Automatically Publish & Syndicate Digital Word of Mouth Like Keith Stone – ALWAYS!

The negative online review stings the ego and sticks around, but how can these more than annoying no see ums be further marginalized?

They don’t have to be, and furthermore we’re of the opinion they shouldn’t be at all; but rather a genuine part of your online dental practice reputation. Take steps to mitigate damage, respond if needed, and move on is the simple approach.

Fighting to get negative reviews removed from any environment is often more trouble than simply not taking any action, or properly (politely & professionally) educating the reviewer – and readers – with a well-timed clever compassionate and cautious fine tooth combed response.

Do nothing or craft a response; options, but that’s only the beginning.
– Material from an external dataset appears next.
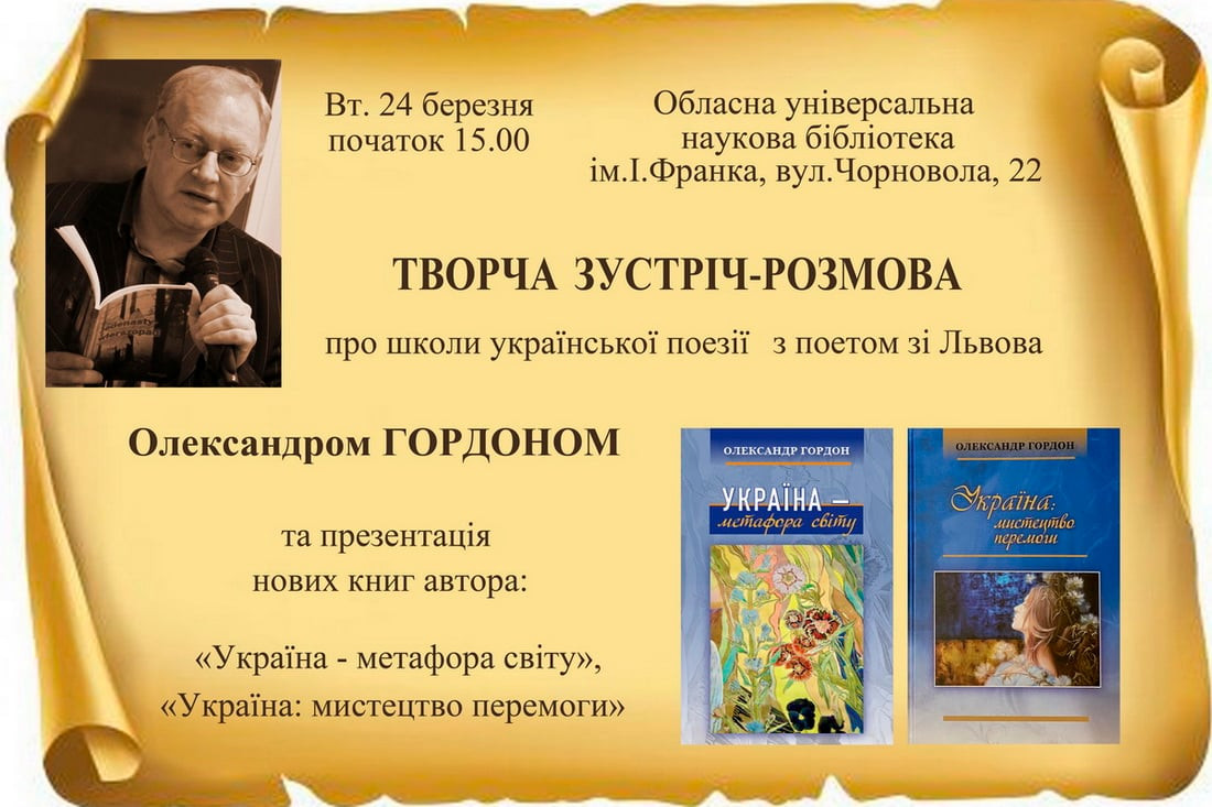 Запрошуємо на творчу зустріч-розмову з поетом Олександром Гордоном.

By continually publishing and syndicating your digital dental practice word of mouth on a regular basis – automatically and genuinely, as it happens is most preferable – the online review PR machine for your practice is consistently collecting and communicating that peer experience social currency to your local neighborhood and the entire digital landscape.
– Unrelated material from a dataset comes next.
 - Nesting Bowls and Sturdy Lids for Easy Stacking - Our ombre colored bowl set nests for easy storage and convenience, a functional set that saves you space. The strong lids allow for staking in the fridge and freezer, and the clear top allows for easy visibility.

According to this Washington Post article about doctors trying to squelch online reviews, which in turn prompted this dWOM dental digital marketing blog post;

80 percent of adults say they use the Internet to search for health information, only 16 percent  use it to look for reviews of doctors and far fewer post such reviews. This in turn is according to a Pew Research Center survey cited in the Post article.

Given the current state of the Internet union, do you envision the percentages of review postings and review seeking to increase or decrease?

Answer in :30 or less!



Communication Breakdown

As we can see from the evolving dental online reputation case study discussed in the Washington Post article and elsewhere throughout digital dental circles, communication seemed pretty non-existent and dental diplomatic relations broke down in this most recently public dental review case.

An interesting aside that should tie all this online digital word of mouth mumbo jumbo into perspective came from Jeffrey Segel, neurosurgeon and founder of Medical Justice – the company that armed the offending NYC dentist with her legal dental gag order in exchange for something that should be SOP anyway – the promise on behalf of the dental practice to not market patient information to third parties.

The form in question basically loopholed a patient review into a copyright belonging to the doctor. If you’re still guessing which way the tide is running, those forms have been discontinued by the company.

When asked if Segel regrets using the tactic, he soothsayingly adds;

“I do not. Maybe, in hindsight, we would have retired them a little sooner. But we don’t regret having been the grain of sand in the mouth of the oyster to try and make a pearl out of the rating sites,” he said.

(Great line!)

“Even in 2012, we’re not there, yet. We’ll know we’re there when doctors and nurses use these sites to pick their doctor.”

Will this ever happen…is it happening now?

Patients don’t choose doctors from web pages, but it’s a beginning and essential ingredient.


We choose partners in personal health through insurance providers, effective engaging communication, proximity and location, referrals from those we know and love, and the professional respectful manner in which we’re treated from first prospecting phone call to every single in-office appointment.

Communicate transparently, elicit patient feedback, and never stop!

Online reviews for dentists will continue, how clear and genuine the picture is into your practice will define how complementary online reviews are to your digital marketing plan.

Marketing is communications, not selling somebody dentistry and not touting what you are not.

Take the care to craft your dental patient communications to maximize positive digital word mouth and start generating return on engagement on the social dental currency that is waiting to be tapped.

Spirited debate is essential to the progressive movement of digital dental diplomatic relations, is the deck really stacked against dentists when it comes to online reviews or is it just fear and perception?

How say you?

Social media has contributed greatly to recent overthrow of governments; do you really think it couldn’t generate a new patient or two over the next year?